Task to carry out
Could all of the entries be written out exactly, with any pictures omitted?

Provided records
· · · · · · ·

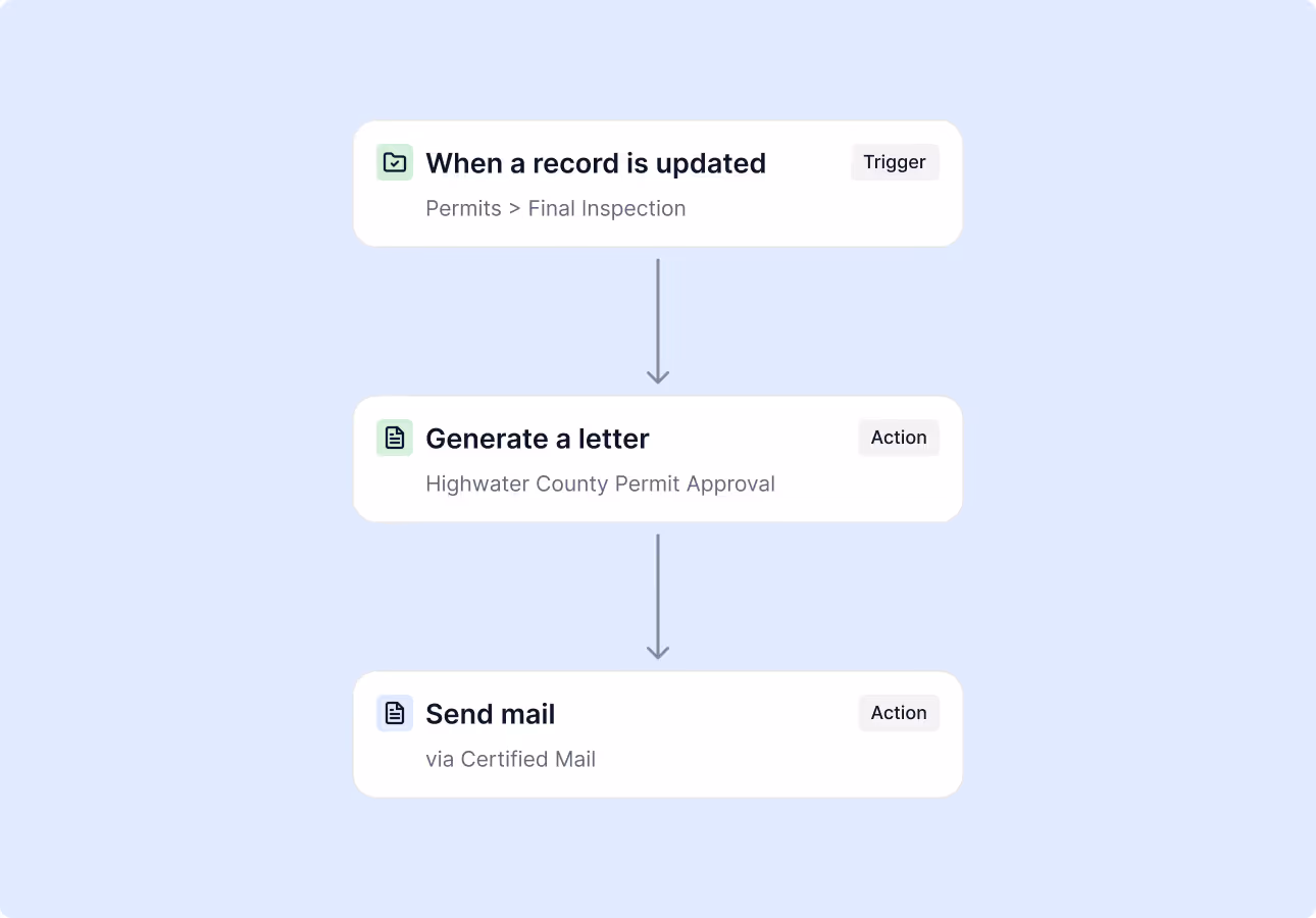 Mailings can be triggered by key actions like inspection completion, violations, or due dates.
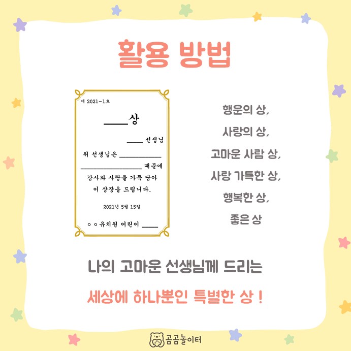 | 5월 상장모음zip -[곰곰놀이터] 5월 행사자료 (1) | 2021.05.01 |
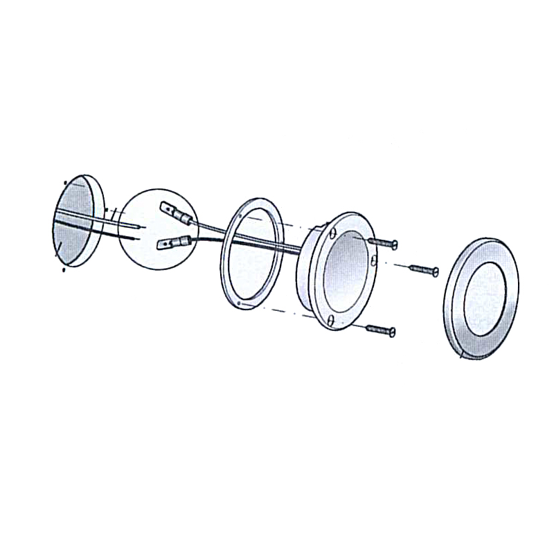 Faretto stagno IP65 ad alta luminosità ( 280 Lumen ), luce bianca calda, con cornice circolare in acciaio inox AISI 316 lucido. Sensibile alla polarità.Fissaggio con viti (non incluse).
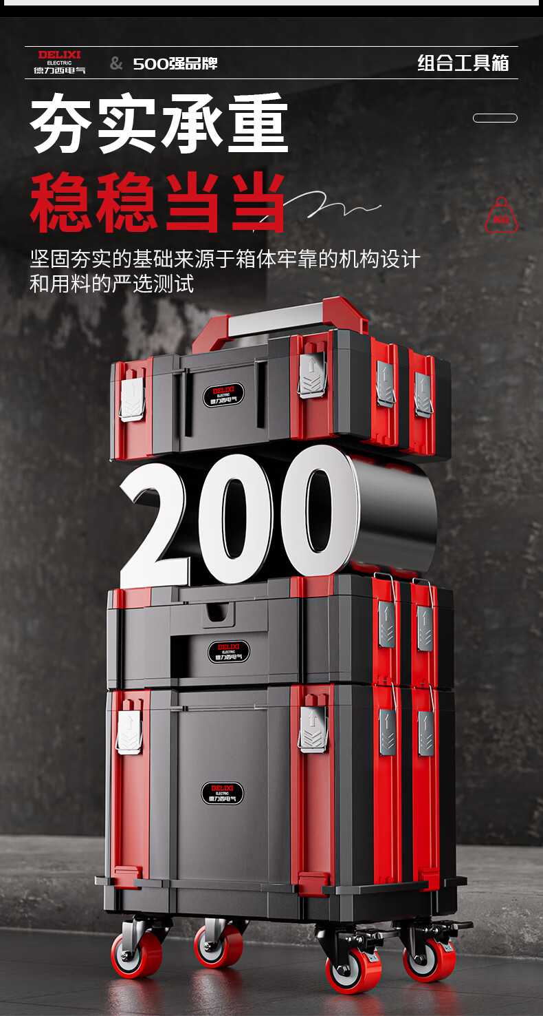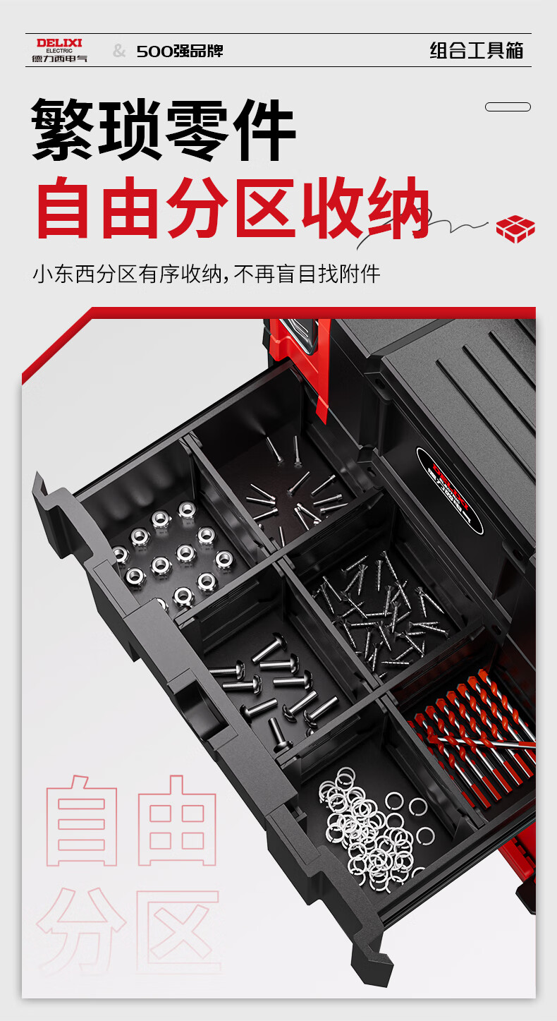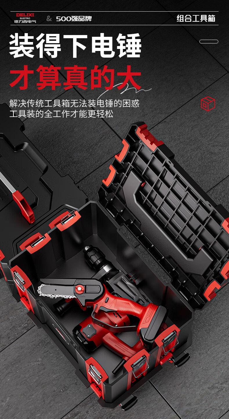 DELIXI ELECTRIC multi-function hardware tool box stackable storage box storage box stacking storage box household set B combination (No. 1 + No. 3)
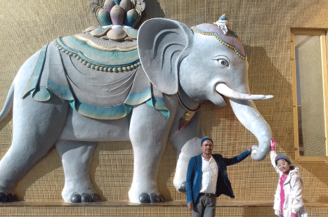 আইরিন কিছুটা উঠে সিঁড়িতে বসে পড়লো। আমাদের বললো, তোমরা যাও, আমি আর উঠতে পারবো না। আইরিন হাঁপাচ্ছে। সিঁড়ি দেখতে অপূর্ব কিন্তু খাড়া হওয়ার কারণে উঠতে কষ্ট হয়। আমি বিশ্রাম নিয়ে নিয়ে বাচ্চাদেরসহ উঠে পড়লাম। পিতলের তৈরি চমৎকার বুদ্ধমূর্তি। বিশাল বেদি ঘিরে অসাধারণ সব ছবি। হাতি, ময়ূর ও বিভিন্ন দেবদেবী ছাড়াও পরীর নৃত্যরত মূর্তি। এখান থেকে তাকালে সমস্ত থিম্পু শহর দেখা যায়। চারপাশ দেখে আমাদের উঠার কষ্ট দূর হয়ে গেল। কিছুক্ষণ পর সিঁড়িতে আইরিনের মাথা দেখা গেল। স্বনন সেটা লক্ষ্য করে চিৎকার করে বললো:
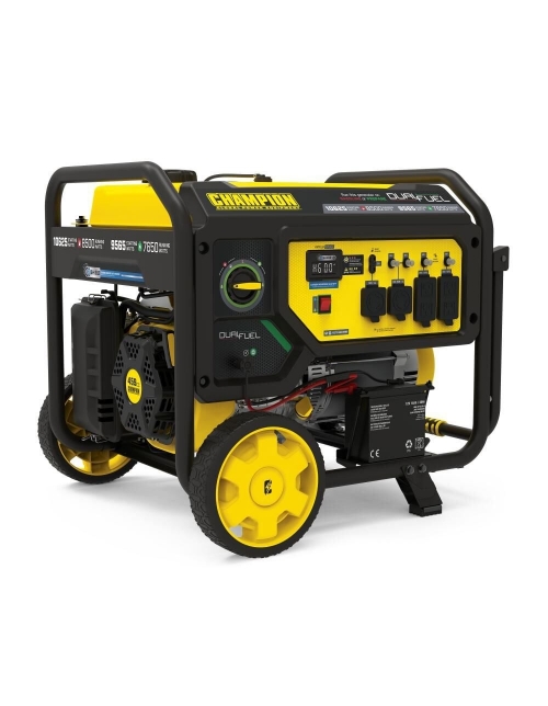 The Champion Power Equipment 201083 8500-Watt Dual Fuel Portable Generator is the perfect combination of versatility and convenience. Whether you need power for your home or next project, Champion Power Equipment makes powering your life more convenient than ever. CO Shield technology monitors the accumulation of carbon monoxide (CO), a poisonous gas produced by engine exhaust when the generator is running. If CO Shield detects unsafe elevated levels of CO gas, it automatically shuts off the engine. CO Shield is not a substitute for an indoor carbon monoxide alarm or for safe operation. DO NOT allow engine exhaust fumes to enter a confined area through windows, doors, vents or other openings. Generators must ALWAYS be used outdoors, far away from occupied buildings with engine exhaust pointed away from people and buildings. Meets the requirements of ANSI/PGMA G300-2018. The convenient electric start includes a battery, plus Cold Start Technology ensures a quick start in cold weather. Operate your Dual-Fuel generator right out of the box on gasoline or propane, and easily switch fuels with our patent pending fuel select dial that allows for safe switching between fuel sources. Using gasoline, the 459cc Champion engine produces 10625 starting watts and 8500 running watts, and will run for 10 hours at 50% load when the 7.7-gallon fuel tank is full. It produces 9565 starting watts and 7650 running watts, and will run for 5 hours at 50% load when using a 20-pound propane tank. Also included is a 6.5-foot propane hose with a built-in regulator. All the outlets have covers for protection and include 120V 30A locking outlet (L5-30R), a 120/240V 30A locking outlet (L14-30R) as well as four 120V 20A GFCI protected household outlets (5-20R). Buy this EPA and CARB certified generator with confidence – Champion Support and our nationwide network of service centers will back up your purchase with a 3-year limited warranty and FREE lifetime technical support.
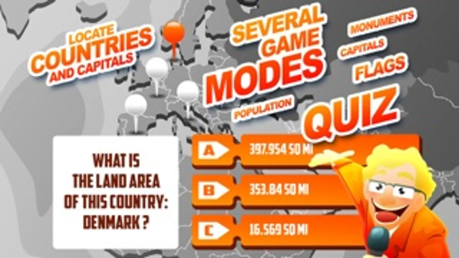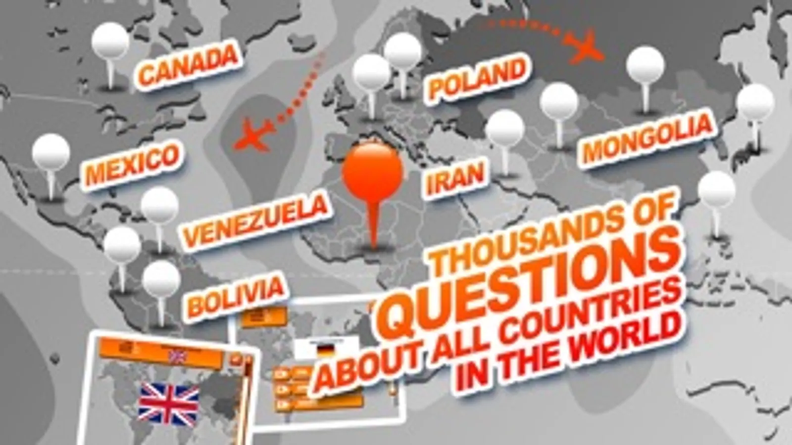 Try to become the world champion of geography by answering the 640 quiz while visiting the 160 countries of the world.
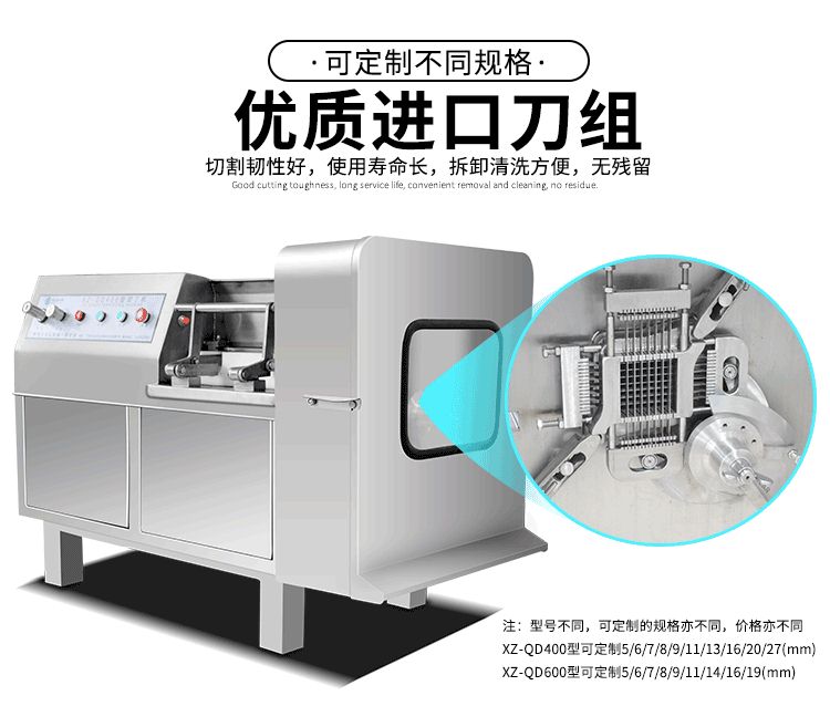 將肉塊、脂肪等主要原料,切割成用戶所需的肉丁,調(diào)整刀柵的尺寸可切出肉絲、肉片、肉丁。尺寸的大小,由刀柵中刀片數(shù)量來(lái)決定。

· · · · · · ·

Your response
 Mailings can be triggered by key actions like inspection completion, violations, or due dates.
 | 5월 상장모음zip -[곰곰놀이터] 5월 행사자료 (1) | 2021.05.01 |
 Faretto stagno IP65 ad alta luminosità ( 280 Lumen ), luce bianca calda, con cornice circolare in acciaio inox AISI 316 lucido. Sensibile alla polarità.Fissaggio con viti (non incluse).
 DELIXI ELECTRIC multi-function hardware tool box stackable storage box storage box stacking storage box household set B combination (No. 1 + No. 3)
 আইরিন কিছুটা উঠে সিঁড়িতে বসে পড়লো। আমাদের বললো, তোমরা যাও, আমি আর উঠতে পারবো না। আইরিন হাঁপাচ্ছে। সিঁড়ি দেখতে অপূর্ব কিন্তু খাড়া হওয়ার কারণে উঠতে কষ্ট হয়। আমি বিশ্রাম নিয়ে নিয়ে বাচ্চাদেরসহ উঠে পড়লাম। পিতলের তৈরি চমৎকার বুদ্ধমূর্তি। বিশাল বেদি ঘিরে অসাধারণ সব ছবি। হাতি, ময়ূর ও বিভিন্ন দেবদেবী ছাড়াও পরীর নৃত্যরত মূর্তি। এখান থেকে তাকালে সমস্ত থিম্পু শহর দেখা যায়। চারপাশ দেখে আমাদের উঠার কষ্ট দূর হয়ে গেল। কিছুক্ষণ পর সিঁড়িতে আইরিনের মাথা দেখা গেল। স্বনন সেটা লক্ষ্য করে চিৎকার করে বললো:
 The Champion Power Equipment 201083 8500-Watt Dual Fuel Portable Generator is the perfect combination of versatility and convenience. Whether you need power for your home or next project, Champion Power Equipment makes powering your life more convenient than ever. CO Shield technology monitors the accumulation of carbon monoxide (CO), a poisonous gas produced by engine exhaust when the generator is running. If CO Shield detects unsafe elevated levels of CO gas, it automatically shuts off the engine. CO Shield is not a substitute for an indoor carbon monoxide alarm or for safe operation. DO NOT allow engine exhaust fumes to enter a confined area through windows, doors, vents or other openings. Generators must ALWAYS be used outdoors, far away from occupied buildings with engine exhaust pointed away from people and buildings. Meets the requirements of ANSI/PGMA G300-2018. The convenient electric start includes a battery, plus Cold Start Technology ensures a quick start in cold weather. Operate your Dual-Fuel generator right out of the box on gasoline or propane, and easily switch fuels with our patent pending fuel select dial that allows for safe switching between fuel sources. Using gasoline, the 459cc Champion engine produces 10625 starting watts and 8500 running watts, and will run for 10 hours at 50% load when the 7.7-gallon fuel tank is full. It produces 9565 starting watts and 7650 running watts, and will run for 5 hours at 50% load when using a 20-pound propane tank. Also included is a 6.5-foot propane hose with a built-in regulator. All the outlets have covers for protection and include 120V 30A locking outlet (L5-30R), a 120/240V 30A locking outlet (L14-30R) as well as four 120V 20A GFCI protected household outlets (5-20R). Buy this EPA and CARB certified generator with confidence – Champion Support and our nationwide network of service centers will back up your purchase with a 3-year limited warranty and FREE lifetime technical support.
 Try to become the world champion of geography by answering the 640 quiz while visiting the 160 countries of the world.
 將肉塊、脂肪等主要原料,切割成用戶所需的肉丁,調(diào)整刀柵的尺寸可切出肉絲、肉片、肉丁。尺寸的大小,由刀柵中刀片數(shù)量來(lái)決定。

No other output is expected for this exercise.